Techi Bumff :- If you suspect from the above that the sensor may have become dirty/coated you can investigate as follows :-
Use a voltmeter and put one probe to earth and the other to the head of the sensor screw:- if all is well you should get a reading of approx 1.5 +/- volts…..if the reading is over approx 2.2 then you are seeing a extra resistance caused by sensor dirty/coating…..the “alarm” threshold for these units is PRE November2010 2.4volts POST November 2010 2.8 volts
Once these voltages are reached the alarm will gradually over time start to ‘mutter’
You can also test this by .Getting a 12 inch length of wire….stripping a little insulation off each end and …whilst holding one end against the head of the sensor screw…dipping the other end in the tank coolant…..If the alarm now functions normally you need to clean/replace the screw.
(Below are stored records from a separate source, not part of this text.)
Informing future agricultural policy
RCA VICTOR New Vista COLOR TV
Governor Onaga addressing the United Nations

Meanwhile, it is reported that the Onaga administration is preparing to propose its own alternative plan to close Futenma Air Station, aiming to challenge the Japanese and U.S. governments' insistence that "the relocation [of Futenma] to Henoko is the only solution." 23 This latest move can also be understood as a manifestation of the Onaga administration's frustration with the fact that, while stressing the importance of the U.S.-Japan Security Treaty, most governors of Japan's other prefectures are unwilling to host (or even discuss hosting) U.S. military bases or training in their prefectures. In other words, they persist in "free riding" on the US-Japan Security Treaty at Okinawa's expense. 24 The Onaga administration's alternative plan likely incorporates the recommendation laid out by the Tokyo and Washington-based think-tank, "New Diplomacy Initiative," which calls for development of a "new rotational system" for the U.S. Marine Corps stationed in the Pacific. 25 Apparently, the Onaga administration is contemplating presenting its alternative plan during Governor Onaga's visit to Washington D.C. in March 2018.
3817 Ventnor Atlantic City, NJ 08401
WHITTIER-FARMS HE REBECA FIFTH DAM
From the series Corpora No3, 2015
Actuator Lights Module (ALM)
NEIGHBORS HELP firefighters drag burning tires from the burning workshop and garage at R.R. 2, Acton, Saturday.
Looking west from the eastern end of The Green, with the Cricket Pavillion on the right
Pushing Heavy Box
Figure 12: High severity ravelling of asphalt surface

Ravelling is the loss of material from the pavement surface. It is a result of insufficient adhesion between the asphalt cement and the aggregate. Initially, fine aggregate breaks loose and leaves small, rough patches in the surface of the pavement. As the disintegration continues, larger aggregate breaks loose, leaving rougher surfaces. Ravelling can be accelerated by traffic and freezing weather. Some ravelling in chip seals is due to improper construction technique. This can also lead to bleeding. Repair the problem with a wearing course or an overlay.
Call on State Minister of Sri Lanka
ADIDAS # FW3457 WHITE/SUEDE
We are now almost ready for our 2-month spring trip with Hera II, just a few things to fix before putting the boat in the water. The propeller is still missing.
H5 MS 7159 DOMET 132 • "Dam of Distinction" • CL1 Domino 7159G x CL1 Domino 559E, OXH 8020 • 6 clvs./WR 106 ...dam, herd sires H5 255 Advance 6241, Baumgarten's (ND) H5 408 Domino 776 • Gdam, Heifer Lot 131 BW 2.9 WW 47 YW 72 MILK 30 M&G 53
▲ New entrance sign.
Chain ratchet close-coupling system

You must use a Stainless Steel screw of the correct size in at least A2 SS quality or better still A4 316 SS
Also be aware that these alarms are voltage sensitive and will ‘act up’ if the supply voltage fluctuates unduly…This can give early warning of failing main battery or the alternator.
Please also be aware:- the Bongo temp gauge sits at it’s ‘normal’ 11 o’clock position when the coolant reaches 55C…it will not move from this position until the coolant temperature reaches approx 100/110C…this happens quickly and can be a very late warning of overheating.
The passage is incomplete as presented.